### [Task to complete]
All of the data below should be set down again verbatim, without any images.

Available data Block Start

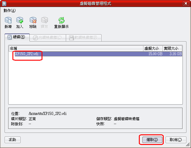 要加入之前,請先確認您的VDI檔 副檔名為小寫的.vdi
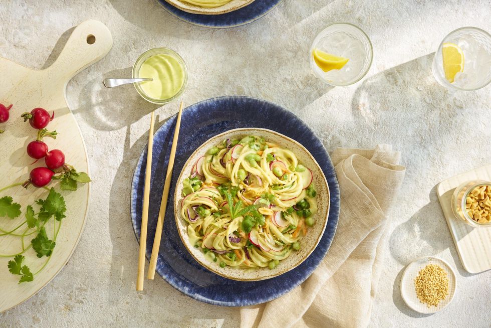 This impressive-looking noodle salad uses a handful of shortcuts on its way to becoming such a showstopping dish. The first is store-bought coleslaw mix, and the second is Hellmann’s Vegan Green Goddess Salad Dressing.
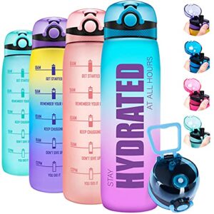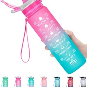 ELYPHINE 32OZ Water Bottles with Removable Straw & Time Marker, Motivational Water Bottle with BPA Free Tritan Material, Leakproof Water Jug for Fitness Sports
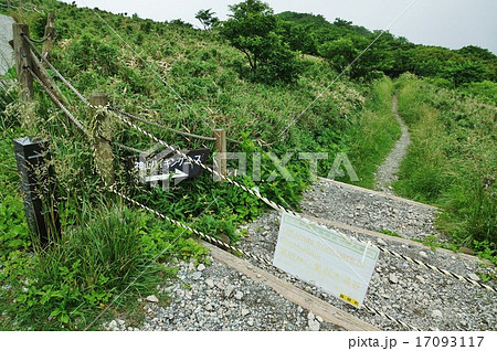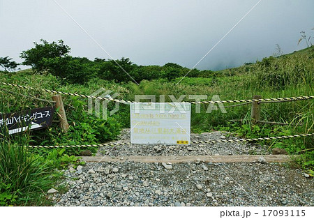 神奈川県観光スポット・箱根駒ヶ岳山頂から大涌谷方向への通行止め警告板・縦位置
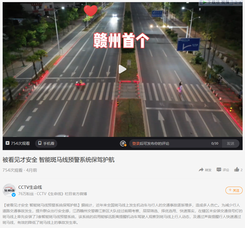 【被看見才安全 智能斑馬線預(yù)警系統(tǒng)保駕護(hù)航】 據(jù)統(tǒng)計(jì),近年來全國(guó)斑馬線上發(fā)生機(jī)動(dòng)車與行人的交通事故逐漸增多,造成多人傷亡。為減少行人道路交通事故發(fā)生,提升群眾出行安全感,江西贛州交警蓉江新區(qū)大隊(duì)經(jīng)過前期考察、層層篩選、擇優(yōu)選用、快速落實(shí),在轄區(qū)未安裝交通信號(hào)燈的斑馬線上率先安裝了3套智能斑馬線預(yù)警系統(tǒng),該系統(tǒng)的啟用能夠遠(yuǎn)距離提醒機(jī)動(dòng)車駕駛?cè)擞^察到斑馬線上行人動(dòng)態(tài),及通過聲音提醒行人快速通過斑馬線,有效的降低了斑馬線上的事故發(fā)生率。
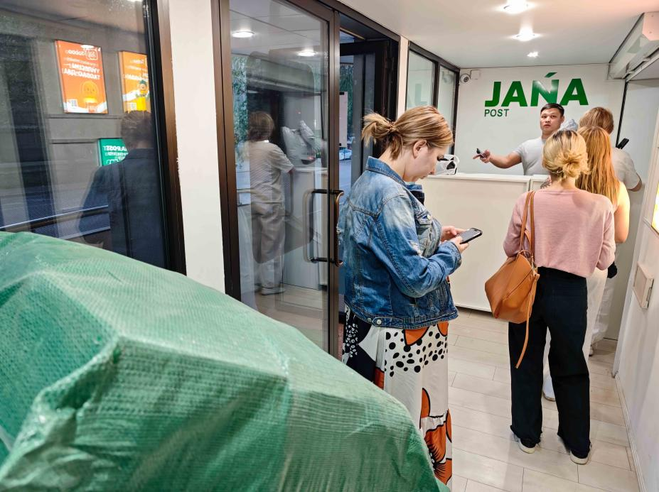 5月25日,在哈薩克斯坦阿拉木圖,人們在一家主要負責中國網購平臺物流服務的快遞網點排隊等待自提。新華社記者 李任滋 攝
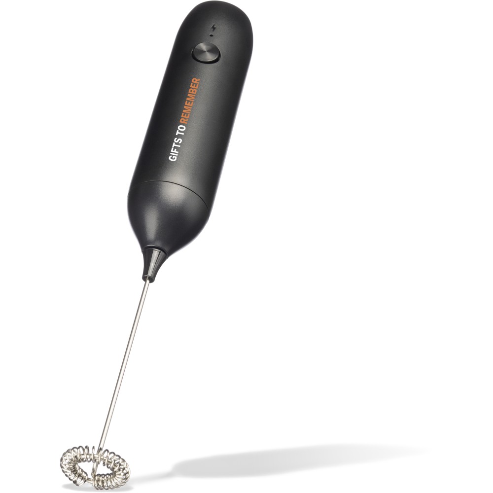 Elektromos tejhabosító 500 mAh-s akkumulátorral és C-típusú töltőkábellel. Percenkénti fordulatszám: 10.000. Alkalmas tej vagy protein habosítására. Csomagolása barna papírdoboz. ABS, rozsdamentes acél. Emblémázás: Tamponnyomás
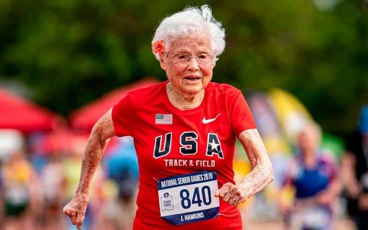 Хокинс начала участвовать в соревнованиях по бегу, когда ей исполнилось 100 лет. До этого она занималась ездой на велосипеде.

Available data Block End

### [Exercise answer]
 要加入之前,請先確認您的VDI檔 副檔名為小寫的.vdi
 This impressive-looking noodle salad uses a handful of shortcuts on its way to becoming such a showstopping dish. The first is store-bought coleslaw mix, and the second is Hellmann’s Vegan Green Goddess Salad Dressing.
 ELYPHINE 32OZ Water Bottles with Removable Straw & Time Marker, Motivational Water Bottle with BPA Free Tritan Material, Leakproof Water Jug for Fitness Sports
 神奈川県観光スポット・箱根駒ヶ岳山頂から大涌谷方向への通行止め警告板・縦位置
 【被看見才安全 智能斑馬線預(yù)警系統(tǒng)保駕護(hù)航】 據(jù)統(tǒng)計(jì),近年來全國(guó)斑馬線上發(fā)生機(jī)動(dòng)車與行人的交通事故逐漸增多,造成多人傷亡。為減少行人道路交通事故發(fā)生,提升群眾出行安全感,江西贛州交警蓉江新區(qū)大隊(duì)經(jīng)過前期考察、層層篩選、擇優(yōu)選用、快速落實(shí),在轄區(qū)未安裝交通信號(hào)燈的斑馬線上率先安裝了3套智能斑馬線預(yù)警系統(tǒng),該系統(tǒng)的啟用能夠遠(yuǎn)距離提醒機(jī)動(dòng)車駕駛?cè)擞^察到斑馬線上行人動(dòng)態(tài),及通過聲音提醒行人快速通過斑馬線,有效的降低了斑馬線上的事故發(fā)生率。
 5月25日,在哈薩克斯坦阿拉木圖,人們在一家主要負責中國網購平臺物流服務的快遞網點排隊等待自提。新華社記者 李任滋 攝
 Elektromos tejhabosító 500 mAh-s akkumulátorral és C-típusú töltőkábellel. Percenkénti fordulatszám: 10.000. Alkalmas tej vagy protein habosítására. Csomagolása barna papírdoboz. ABS, rozsdamentes acél. Emblémázás: Tamponnyomás
 Хокинс начала участвовать в соревнованиях по бегу, когда ей исполнилось 100 лет. До этого она занималась ездой на велосипеде.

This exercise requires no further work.